*** TASK INPUTS ***
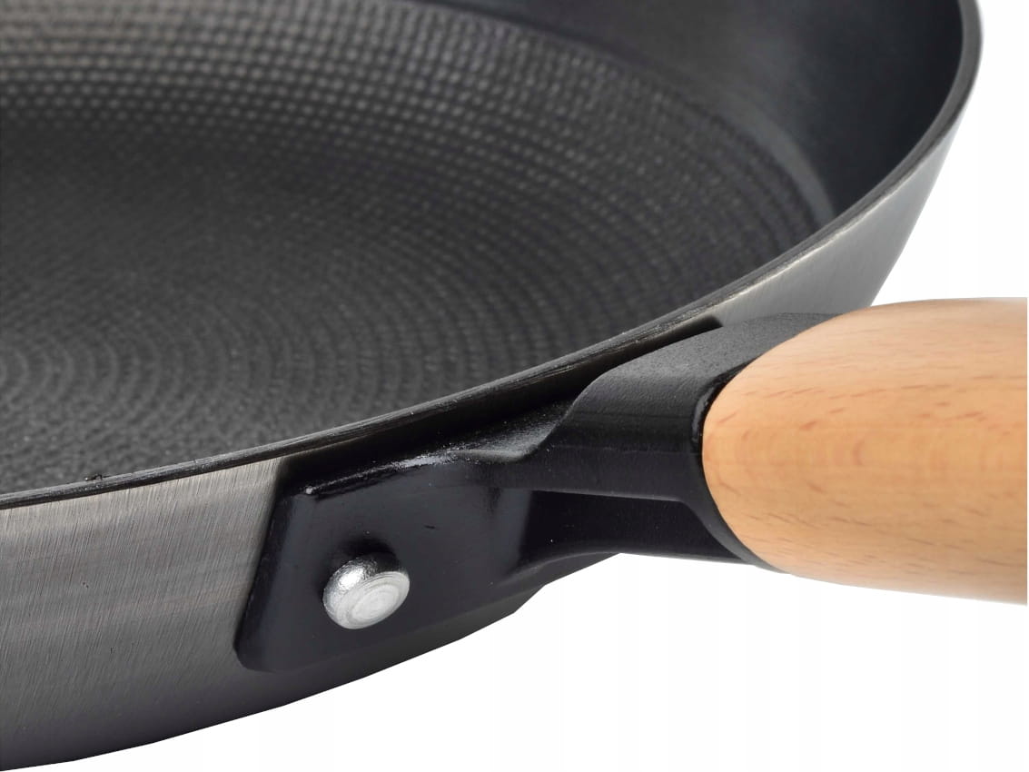 - Ze względu na drewnianą rączkę patelni nie należy myć w zmywarce
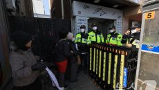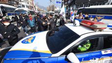 (서울=뉴스1) 박정호 기자 = 21일 오전 서울 종로구 재동 헌법재판소 앞으로 가려는 시민들이 막힌 길 앞에서 경찰과 대화하- 2025-03-21 12:08
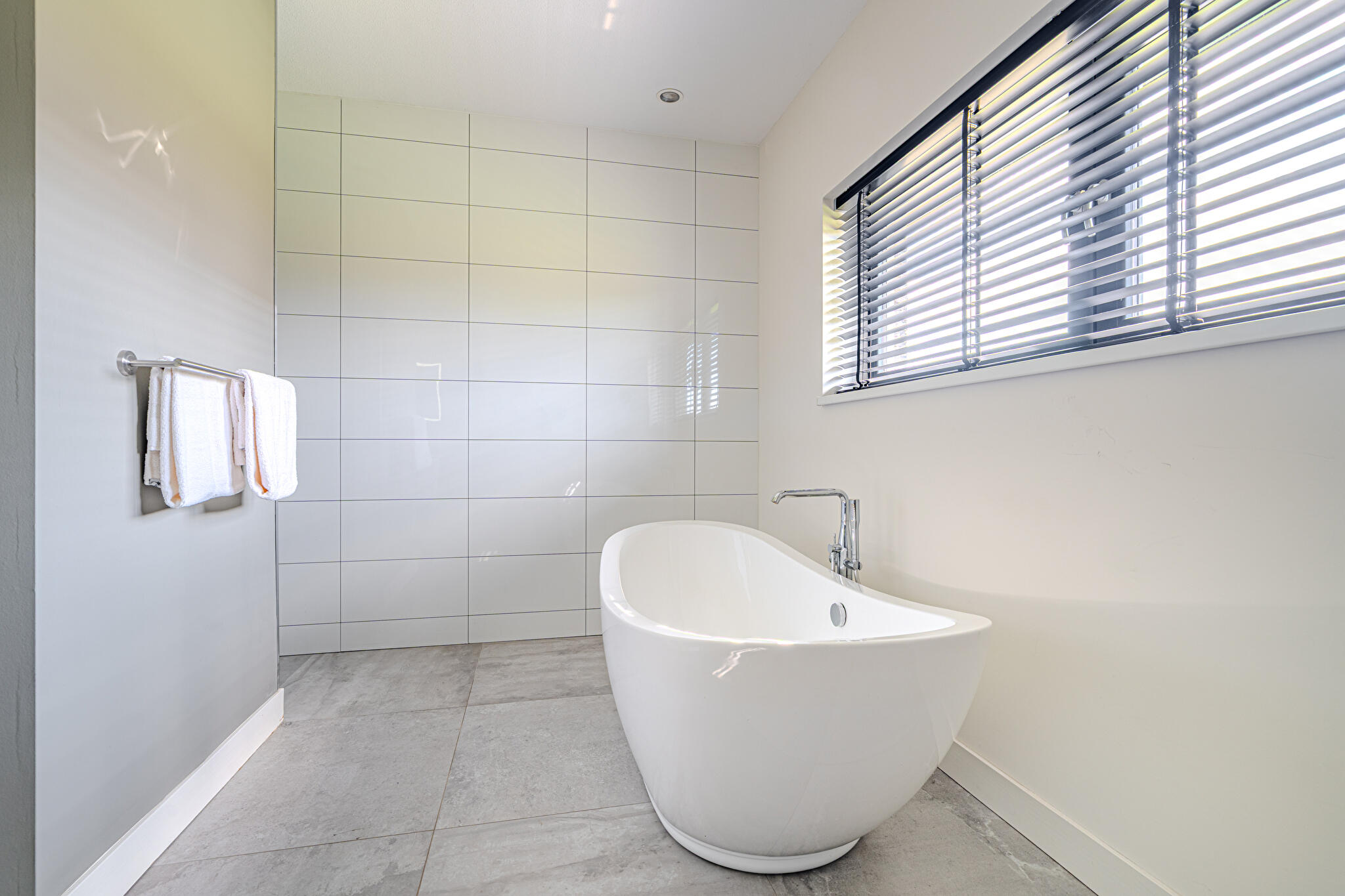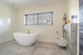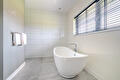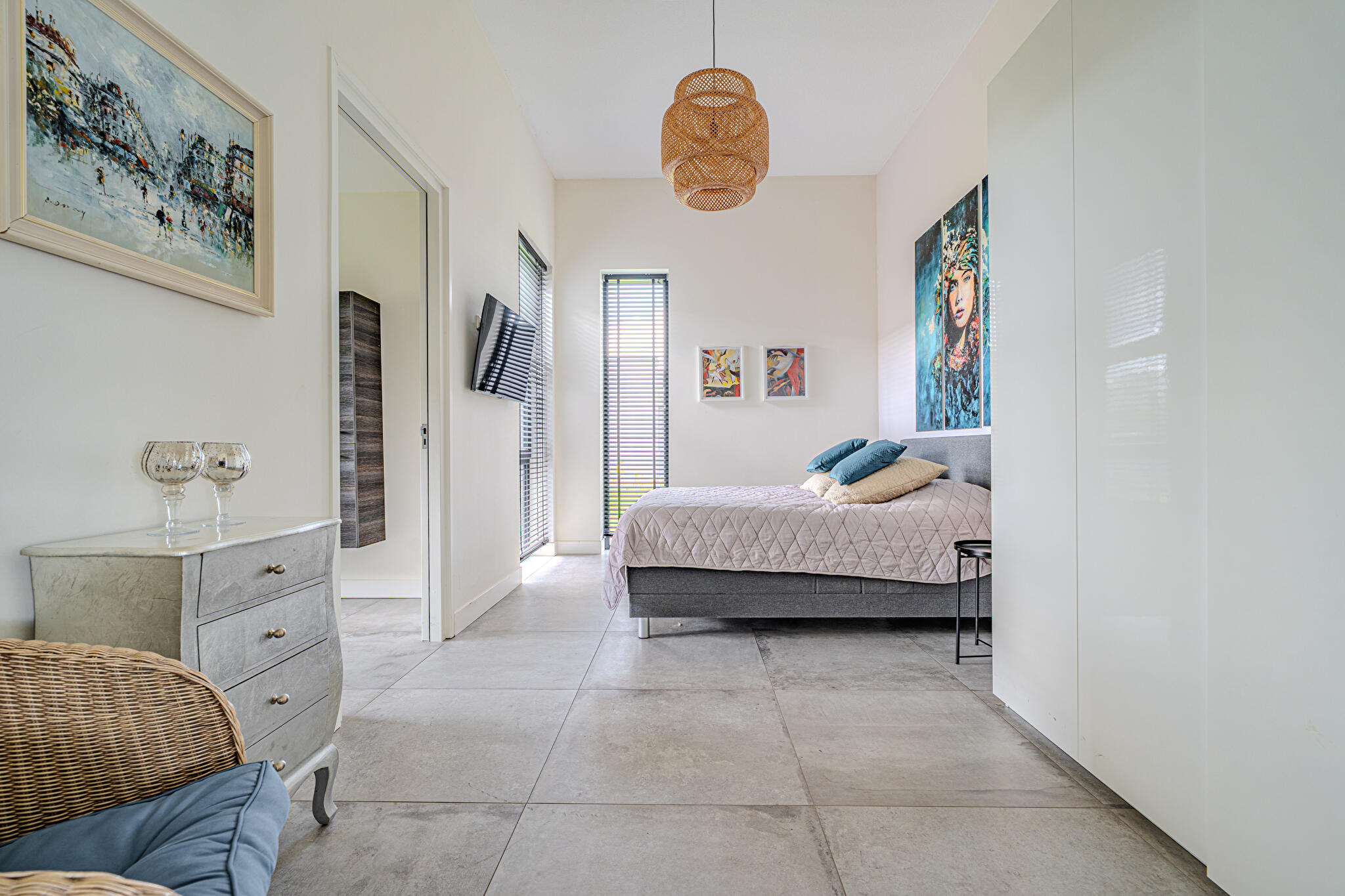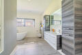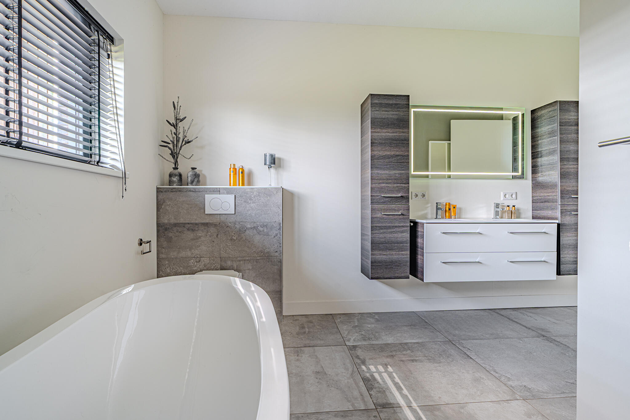De bungalow beschikt over twee ruime slaapkamers, elk direct toegang tot een eigen badkamer. Eén badkamer is luxe uitgevoerd met een vrijstaand ligbad, inloopdouche, dubbele wastafel met meubel en wandcloset. De tweede badkamer is voorzien van een inloopdouche en een wastafel met meubel. Daarnaast is een praktische bijkeuken voorzien van witgoedaansluiting en een inpandige garage met direct toegang tot de woning, bijkeuken en tuin.
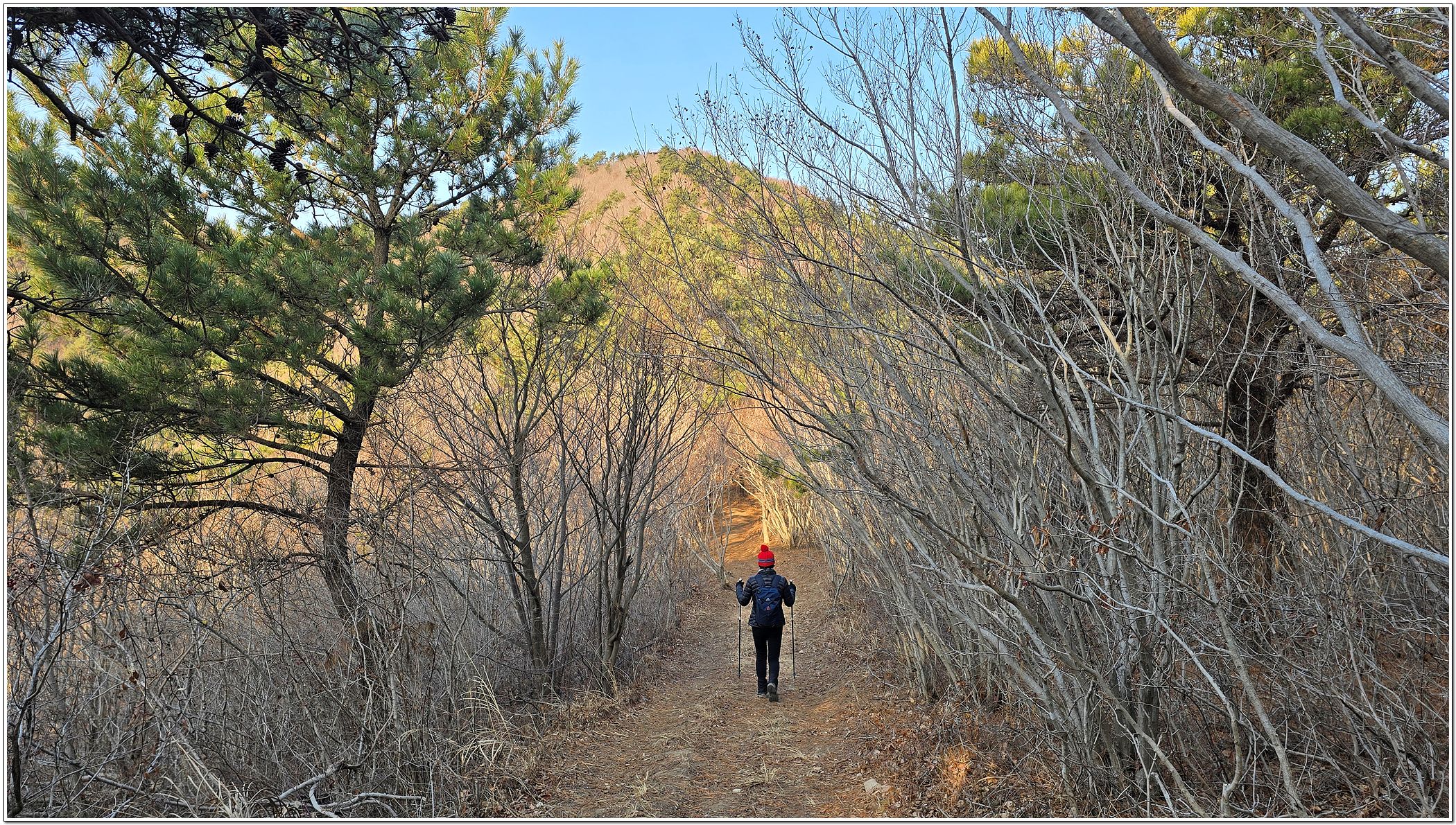 가사봉까지는 1km인데 50m 가량 오르니 길이 묵어 능선봉에서 다시 되돌아나와 갈림길로 내려선다.
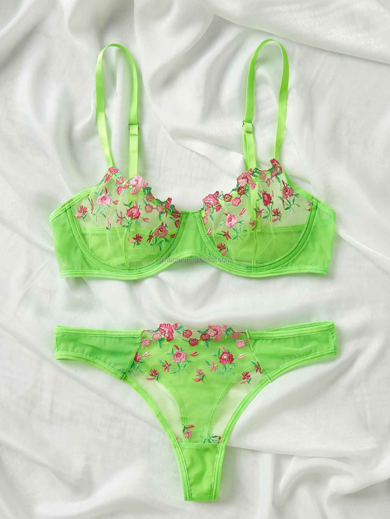 Hot Sell Women Sexy Embroidery Underwire Push up Bra Underwear Floral 2 Piece Lace Mesh Lingerie Sets Many Colors
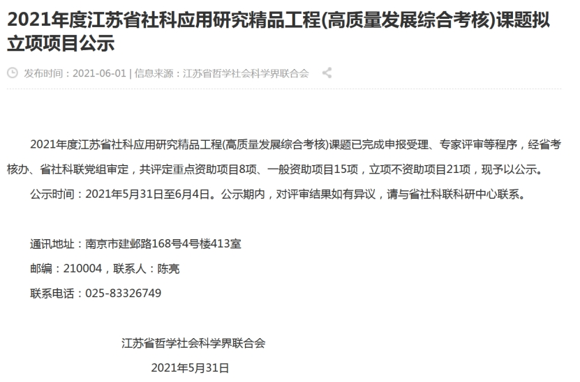 近期, 2021年度江苏省社科应用研究精品工程(高质量发展综合考核)课题拟立项项目公示。学院治安管理系教师第二党支部宣传委员卢义桦博士申报的《高校基层党建考核指标精准化设置与实现路径研究》(21SKC-10)被立项。这是支部近年来在党建理论研究方面的新突破。
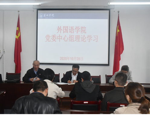 10月28日下午,外國語學院黨委中心組在明德樓四樓會議室開展政治理論學習,會議由黨委書記單自華主持。
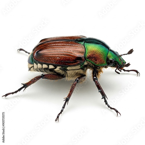Japanese Beetle Macro on Leaf on White Isolated Background
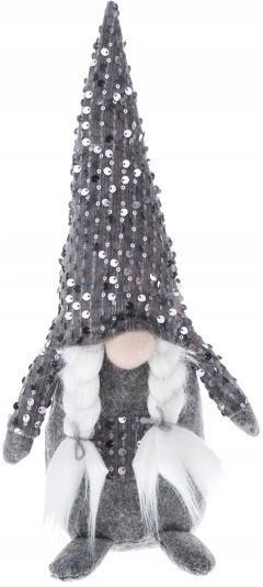 Filcowy skrzat szary stojący figurka prezent święta ozdoba (15062) Wyjątkowa, stojąca figurka wykonana z materiału tzw. filcu w kształcie skrzata. Wysokość figurki 41 cm. Uroczy szary krasnal, z długimi białymi włosami, szarą czapką zdobioną cekinami prezentuje się zjawiskowo. Skrzat ozdobiony jest szarym pasem z cekinami. Święta nierozdzielnie kojarzą nam się ze śniegiem, bałwanem, choinką, ozdobami, prezentami. Każdy z nas lubi upiększać swój dom na ten wyjątkowy czas, dlatego skrzat idealnie wpasuje się do naszej aranżacji i przykuje niejedno spojrzenie. Skrzat wprowadzi świąteczną atmosferę i otoczy nasz dom dobrą aurą. Postawiony obok choinki będzie jej doskonałym dopełnieniem. Wzór: skrzat szary Produkt 1 x skrzat materiałowy Wymiary wysokość 41 cm średnica dolna 12 cm Materiał tkanina
*** End of TASK INPUTS ***
If a line comes after the line with "(서울=뉴스1) 박정호 기자", it stays out; print exactly every line from the start of the entries up to and including that line, but no pictures.

• **RESPONSE TO THIS EXERCISE**
 - Ze względu na drewnianą rączkę patelni nie należy myć w zmywarce
 (서울=뉴스1) 박정호 기자 = 21일 오전 서울 종로구 재동 헌법재판소 앞으로 가려는 시민들이 막힌 길 앞에서 경찰과 대화하- 2025-03-21 12:08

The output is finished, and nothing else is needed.